EXERCISE INSTRUCTIONS: The listing must be reproduced in full, exactly as it stands.

AVAILABLE DATA:
▶

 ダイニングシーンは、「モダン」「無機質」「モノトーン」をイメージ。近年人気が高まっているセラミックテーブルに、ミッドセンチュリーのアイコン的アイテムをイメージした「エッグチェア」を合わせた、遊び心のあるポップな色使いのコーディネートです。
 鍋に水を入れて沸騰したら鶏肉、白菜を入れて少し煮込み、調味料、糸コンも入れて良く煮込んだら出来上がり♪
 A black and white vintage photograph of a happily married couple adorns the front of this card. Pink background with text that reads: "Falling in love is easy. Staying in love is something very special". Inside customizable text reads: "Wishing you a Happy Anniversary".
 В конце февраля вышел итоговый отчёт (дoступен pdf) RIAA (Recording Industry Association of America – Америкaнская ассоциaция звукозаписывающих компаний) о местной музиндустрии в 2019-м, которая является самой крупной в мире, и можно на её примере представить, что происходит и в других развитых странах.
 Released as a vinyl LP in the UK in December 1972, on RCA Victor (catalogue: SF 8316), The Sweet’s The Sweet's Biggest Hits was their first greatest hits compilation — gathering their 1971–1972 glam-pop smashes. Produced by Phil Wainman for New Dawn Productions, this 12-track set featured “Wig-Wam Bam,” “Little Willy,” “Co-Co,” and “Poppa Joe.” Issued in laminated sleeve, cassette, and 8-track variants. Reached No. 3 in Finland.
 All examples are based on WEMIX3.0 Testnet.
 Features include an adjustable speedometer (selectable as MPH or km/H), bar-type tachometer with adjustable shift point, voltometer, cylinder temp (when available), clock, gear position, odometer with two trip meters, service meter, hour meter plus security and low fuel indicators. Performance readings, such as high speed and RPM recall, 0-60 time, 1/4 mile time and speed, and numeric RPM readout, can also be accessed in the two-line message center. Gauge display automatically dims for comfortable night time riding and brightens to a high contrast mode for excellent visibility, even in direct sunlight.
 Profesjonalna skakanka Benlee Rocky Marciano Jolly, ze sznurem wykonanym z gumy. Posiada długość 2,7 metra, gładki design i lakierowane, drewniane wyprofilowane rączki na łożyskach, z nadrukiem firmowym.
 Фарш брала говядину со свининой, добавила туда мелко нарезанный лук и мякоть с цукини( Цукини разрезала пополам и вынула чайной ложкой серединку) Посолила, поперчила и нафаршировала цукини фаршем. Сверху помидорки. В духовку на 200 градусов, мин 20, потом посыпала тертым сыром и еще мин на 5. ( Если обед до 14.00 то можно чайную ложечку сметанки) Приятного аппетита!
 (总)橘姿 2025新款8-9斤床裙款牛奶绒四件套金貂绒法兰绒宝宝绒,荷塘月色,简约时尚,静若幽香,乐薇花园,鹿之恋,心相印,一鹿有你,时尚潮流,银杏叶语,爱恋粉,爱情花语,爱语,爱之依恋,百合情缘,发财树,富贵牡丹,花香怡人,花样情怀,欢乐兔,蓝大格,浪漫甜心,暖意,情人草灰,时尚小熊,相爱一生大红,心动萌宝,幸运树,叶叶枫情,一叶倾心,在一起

◀

TASK RESULT:
 ダイニングシーンは、「モダン」「無機質」「モノトーン」をイメージ。近年人気が高まっているセラミックテーブルに、ミッドセンチュリーのアイコン的アイテムをイメージした「エッグチェア」を合わせた、遊び心のあるポップな色使いのコーディネートです。
 鍋に水を入れて沸騰したら鶏肉、白菜を入れて少し煮込み、調味料、糸コンも入れて良く煮込んだら出来上がり♪
 A black and white vintage photograph of a happily married couple adorns the front of this card. Pink background with text that reads: "Falling in love is easy. Staying in love is something very special". Inside customizable text reads: "Wishing you a Happy Anniversary".
 В конце февраля вышел итоговый отчёт (дoступен pdf) RIAA (Recording Industry Association of America – Америкaнская ассоциaция звукозаписывающих компаний) о местной музиндустрии в 2019-м, которая является самой крупной в мире, и можно на её примере представить, что происходит и в других развитых странах.
 Released as a vinyl LP in the UK in December 1972, on RCA Victor (catalogue: SF 8316), The Sweet’s The Sweet's Biggest Hits was their first greatest hits compilation — gathering their 1971–1972 glam-pop smashes. Produced by Phil Wainman for New Dawn Productions, this 12-track set featured “Wig-Wam Bam,” “Little Willy,” “Co-Co,” and “Poppa Joe.” Issued in laminated sleeve, cassette, and 8-track variants. Reached No. 3 in Finland.
 All examples are based on WEMIX3.0 Testnet.
 Features include an adjustable speedometer (selectable as MPH or km/H), bar-type tachometer with adjustable shift point, voltometer, cylinder temp (when available), clock, gear position, odometer with two trip meters, service meter, hour meter plus security and low fuel indicators. Performance readings, such as high speed and RPM recall, 0-60 time, 1/4 mile time and speed, and numeric RPM readout, can also be accessed in the two-line message center. Gauge display automatically dims for comfortable night time riding and brightens to a high contrast mode for excellent visibility, even in direct sunlight.
 Profesjonalna skakanka Benlee Rocky Marciano Jolly, ze sznurem wykonanym z gumy. Posiada długość 2,7 metra, gładki design i lakierowane, drewniane wyprofilowane rączki na łożyskach, z nadrukiem firmowym.
 Фарш брала говядину со свининой, добавила туда мелко нарезанный лук и мякоть с цукини( Цукини разрезала пополам и вынула чайной ложкой серединку) Посолила, поперчила и нафаршировала цукини фаршем. Сверху помидорки. В духовку на 200 градусов, мин 20, потом посыпала тертым сыром и еще мин на 5. ( Если обед до 14.00 то можно чайную ложечку сметанки) Приятного аппетита!
 (总)橘姿 2025新款8-9斤床裙款牛奶绒四件套金貂绒法兰绒宝宝绒,荷塘月色,简约时尚,静若幽香,乐薇花园,鹿之恋,心相印,一鹿有你,时尚潮流,银杏叶语,爱恋粉,爱情花语,爱语,爱之依恋,百合情缘,发财树,富贵牡丹,花香怡人,花样情怀,欢乐兔,蓝大格,浪漫甜心,暖意,情人草灰,时尚小熊,相爱一生大红,心动萌宝,幸运树,叶叶枫情,一叶倾心,在一起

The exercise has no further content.